> _Problem_: Pictures are to be left out; every line from the one that holds "- Secure Spring-Loaded" to the end of the data is to be retyped exactly.

> _Stored data_:
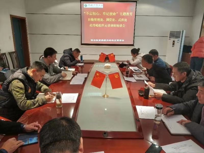 2019年12月6日后勤管理处(集团)与国有资产处、武保处、沣峪校区管委会召开“不忘初心、牢记使命”主题教育暨后勤服务保障座谈会。
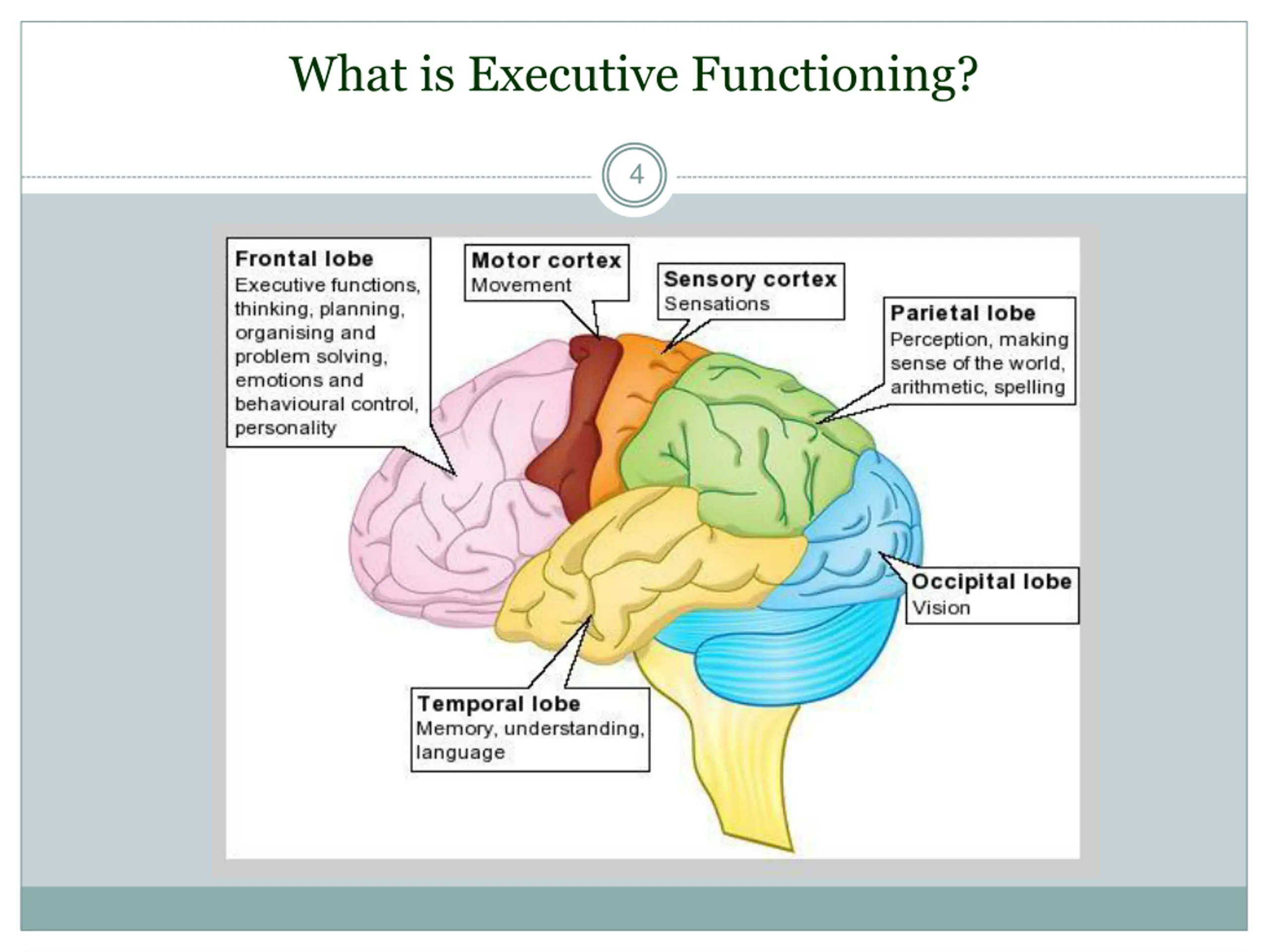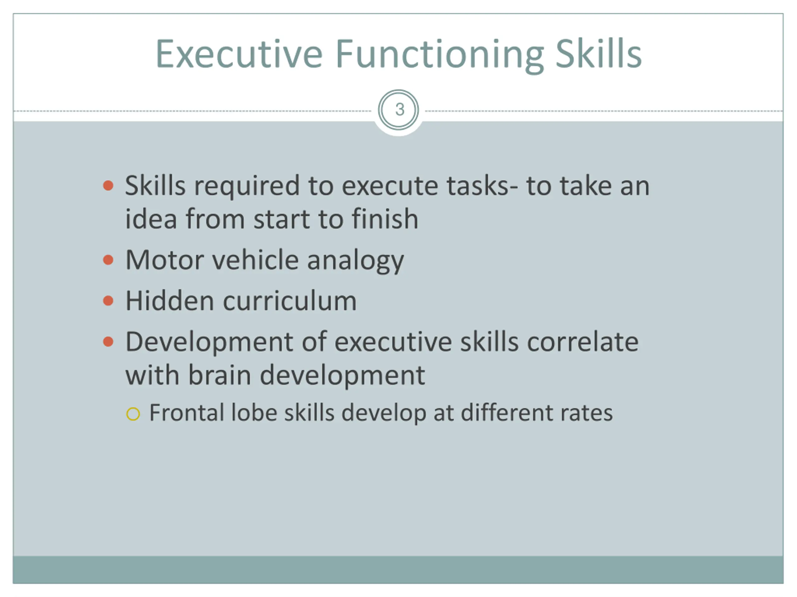 Executive Functioning Skills 3 Skills required to execute tasks- to take an idea from start to finish Motor vehicle analogy Hidden curriculum Development of executive skills correlate with brain development Frontal lobe skills develop at different rates
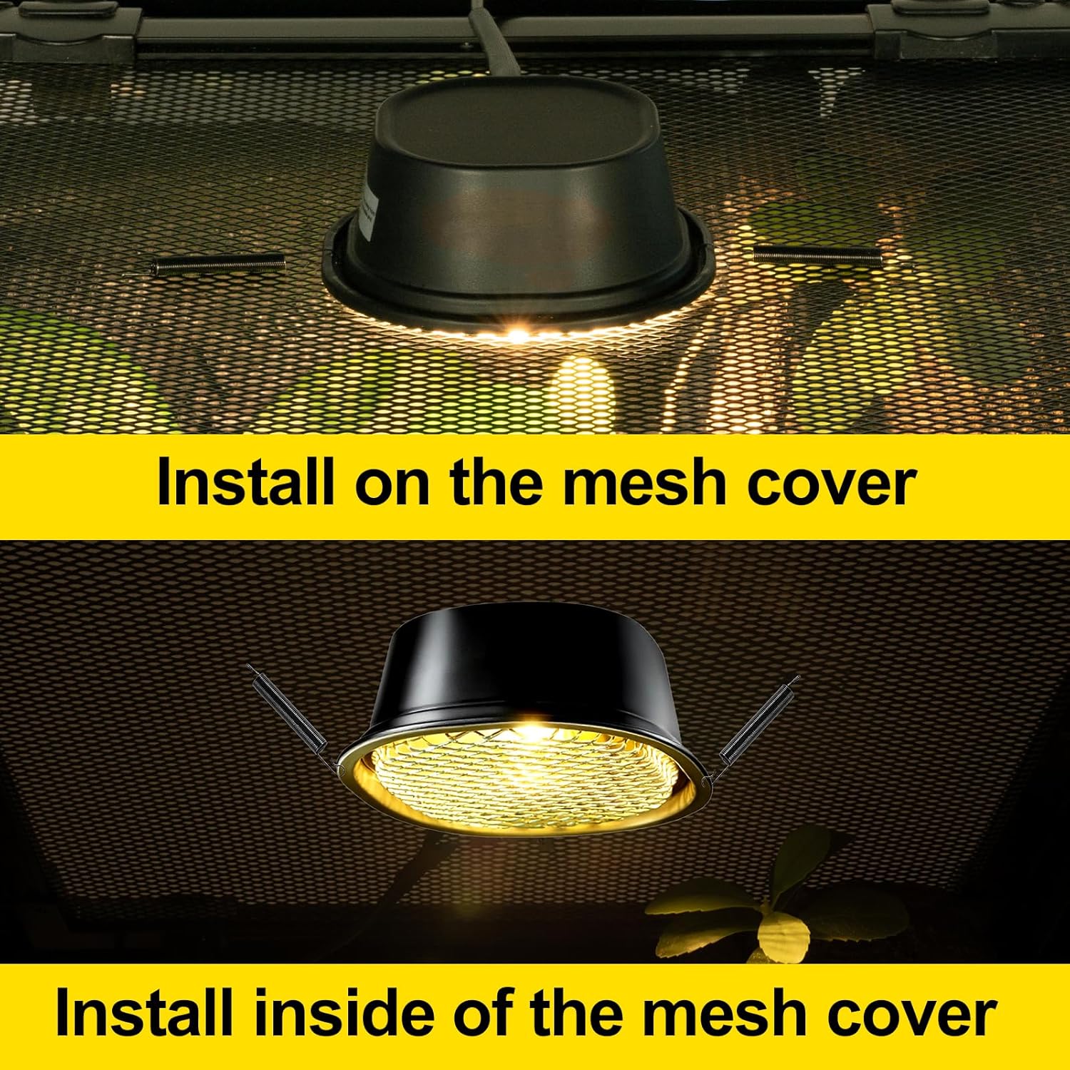 - Secure Spring-Loaded Mounting: The spring-equipped reptile lamp fixture firmly holds onto terrarium mesh lids. Installs above or below mesh surfaces with tool-free clamping for versatile habitat configuration
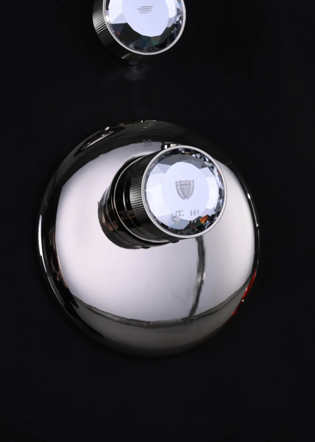「月亮女神」系列,诠释极简主义的高级美学。暗装入墙式设计,让墙面保持干净利落,仅留顶喷、手持与控制面板的简约组合,适配多种家居风格,尽显低调奢华。控制面板暗藏巧思,A面圆月设计温润雅致,B面810格精雕工艺质感突出,将极简线条与精致细节融合,于方寸之间展现东方美学的温润与西方设计的简约。
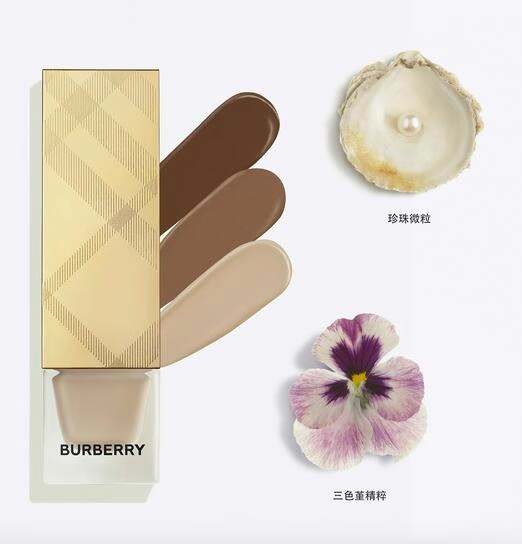 2021年9月,BURBERRY美妆推出全新鎏光焕彩恒颜粉底液,简称‘金管粉底液’。专为干性与瑕疵肌肤倾力打造,将极具盈透鎏光的妆效与多重精华的养肤功效完美融合, 缔造富有光泽感的无瑕底妆,无论时光流转,始终光彩照人。
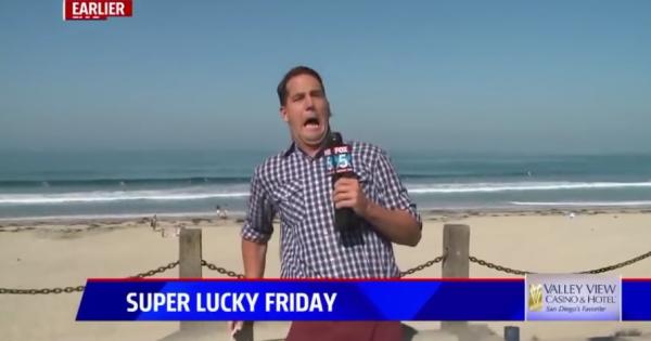 Brad Willis mentre esin diretta su FOX 5 dalla spiaggia di San Diego è stato assalito da un insetto gigantesco.
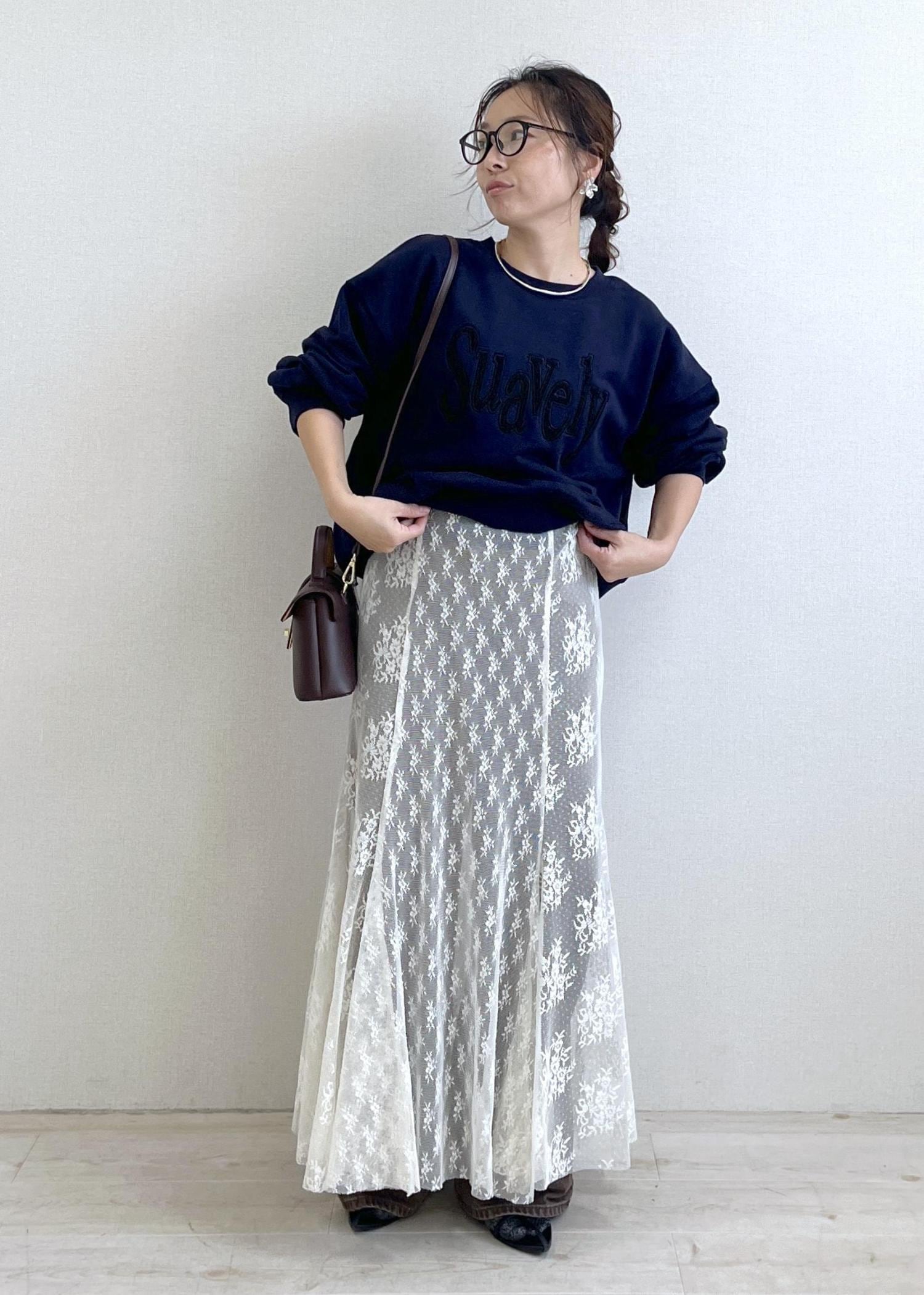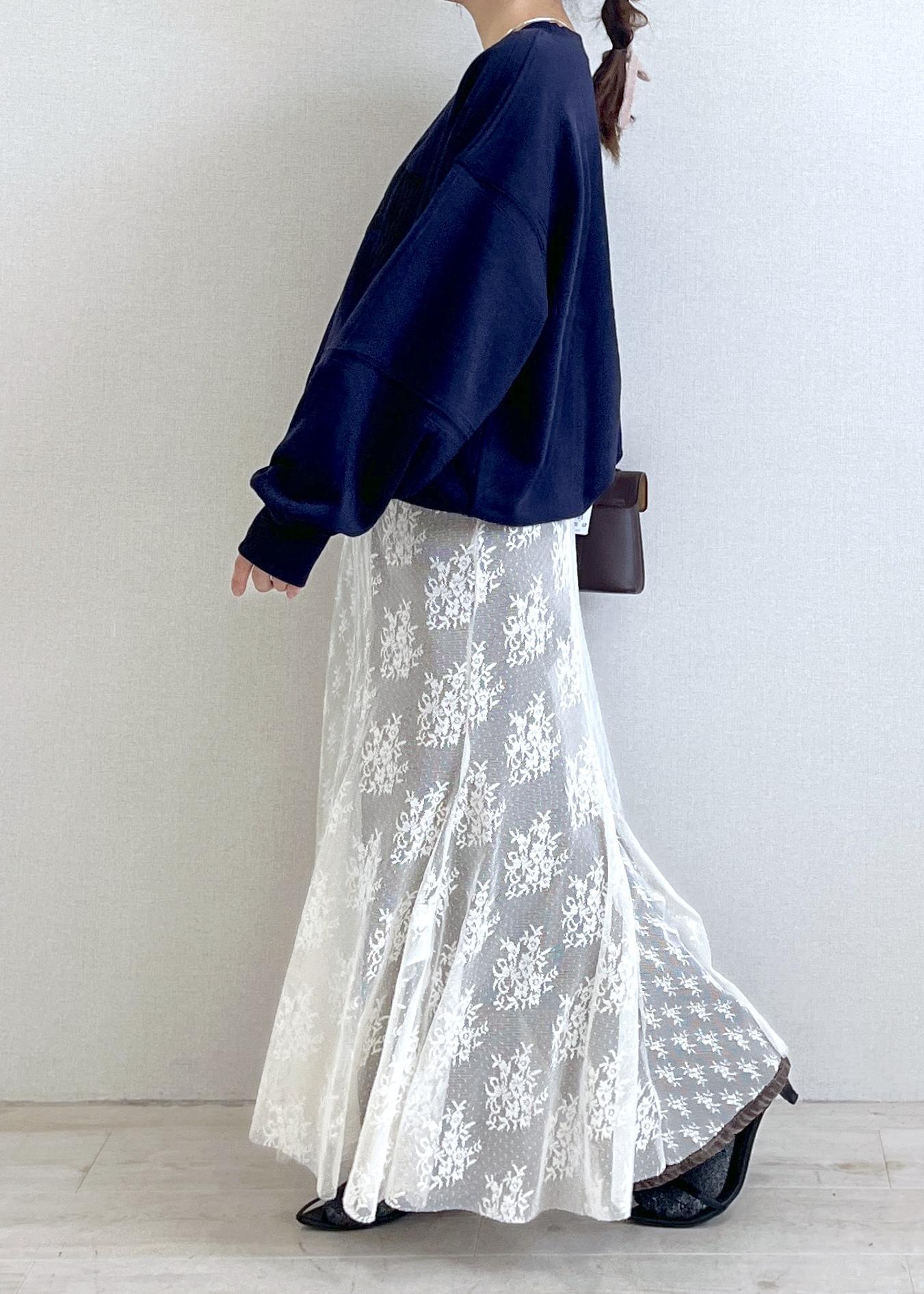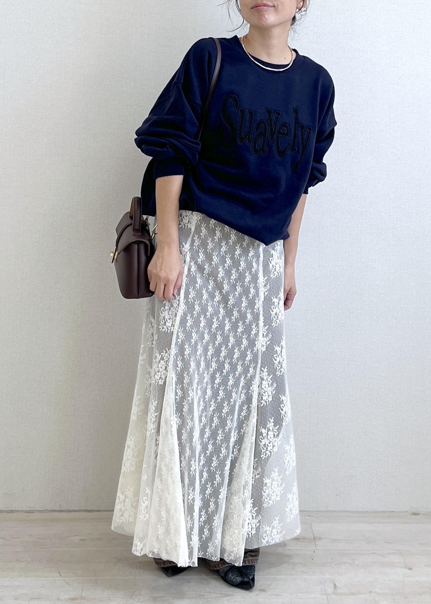 ロゴスウェットにレーススカートを重ねた、ちょっぴりモードなレイヤードスタイル。

> _Answer to the exercise_:
 - Secure Spring-Loaded Mounting: The spring-equipped reptile lamp fixture firmly holds onto terrarium mesh lids. Installs above or below mesh surfaces with tool-free clamping for versatile habitat configuration
「月亮女神」系列,诠释极简主义的高级美学。暗装入墙式设计,让墙面保持干净利落,仅留顶喷、手持与控制面板的简约组合,适配多种家居风格,尽显低调奢华。控制面板暗藏巧思,A面圆月设计温润雅致,B面810格精雕工艺质感突出,将极简线条与精致细节融合,于方寸之间展现东方美学的温润与西方设计的简约。
 2021年9月,BURBERRY美妆推出全新鎏光焕彩恒颜粉底液,简称‘金管粉底液’。专为干性与瑕疵肌肤倾力打造,将极具盈透鎏光的妆效与多重精华的养肤功效完美融合, 缔造富有光泽感的无瑕底妆,无论时光流转,始终光彩照人。
 Brad Willis mentre esin diretta su FOX 5 dalla spiaggia di San Diego è stato assalito da un insetto gigantesco.
 ロゴスウェットにレーススカートを重ねた、ちょっぴりモードなレイヤードスタイル。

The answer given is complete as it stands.